Changchun BCHT Biotechnology

Status and phase

Completed
Phase 3

Conditions

Herpes Zoster

Treatments

Biological: live attenuated zoster vaccine
Biological: placebo

Study type

Interventional

Funder types

Industry

Identifiers

NCT04334577
F20190717

Details and patient eligibility

About

Varicella-zoster virus (VZV) is a herpesvirus that causes two distinct clinical syndromes. Primary infection is manifested as varicella (chickenpox) , whereas reactivation of latent VZV results in a localized eruption known as herpes zoster. The investigational vaccine of this study is produced by Changchun BCHT biotechnology Co.
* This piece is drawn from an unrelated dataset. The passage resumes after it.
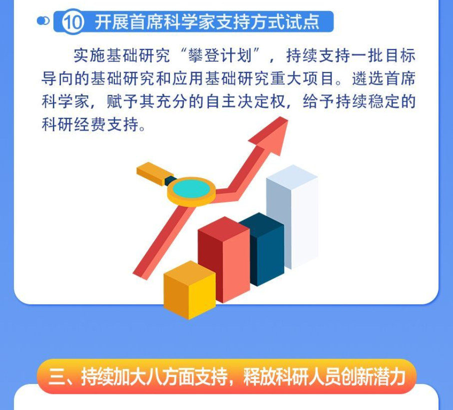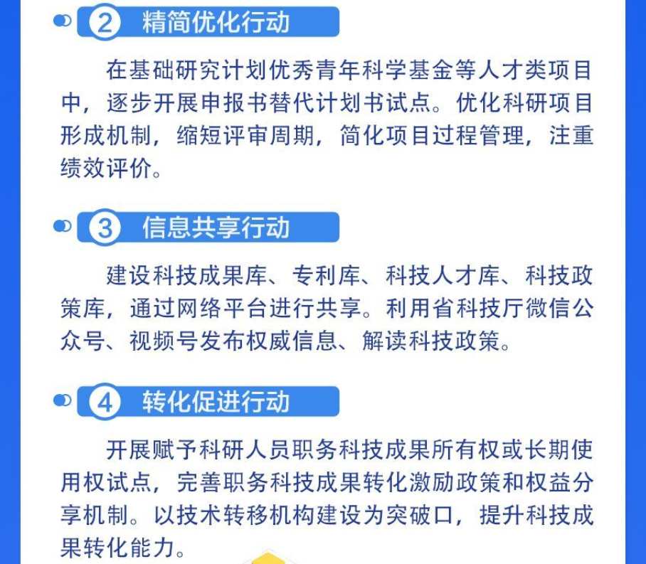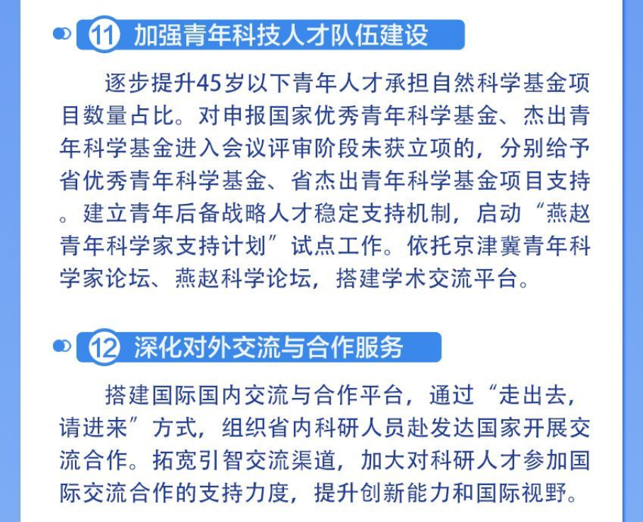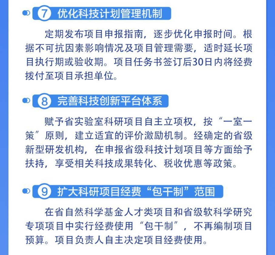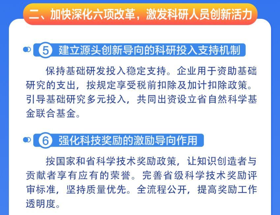 破除科研體制機制障礙,激發科研人員創新活力方面,提出建立源頭創新導向的科研投入支持機制、強化科技獎勵的激勵導向作用、優化科技計劃管理機制、完善科技創新平臺體系、擴大科研項目經費“包干制”范圍、開展首席科學家支持方式試點六項改革措施,落實國家和省科學技術獎勵政策,賦予首席科學家充分的自主決定權并給予持續穩定的科研經費支持,貫通科技活動鏈條和科研成果轉化鏈條的堵點、痛點,化解河北省科研人員的前瞻之慮、后顧之憂,充分釋放科研人員創新活力。

It's a live attenuated herpes zoster vaccine based on the production process of live attenuated chickenpox vaccine.This study plans to have 25000 adults aged 40 years or older and involves in a randomized, double-blind, placebo-controlled trial . The primary outcome is to evaluate the efficacy of the vaccine against herpes zoster 30 days after vaccination and the safety of the vaccine.

Full description

Varicella-zoster virus (VZV) is a herpesvirus that causes two distinct clinical syndromes. Primary infection is manifested as varicella (chickenpox) , whereas reactivation of latent VZV results in a localized eruption known as herpes zoster. The investigational vaccine of this study is produced by Changchun BCHT biotechnology Co. It's a live attenuated herpes zoster vaccine based on the production process of live attenuated chickenpox vaccine.This study plans to have 25000 adults aged 40 years or older and involves in a randomized, double-blind, placebo-controlled trial . The primary outcome is to evaluate the efficacy of the vaccine against herpes zoster 30 days after vaccination and the safety of the vaccine.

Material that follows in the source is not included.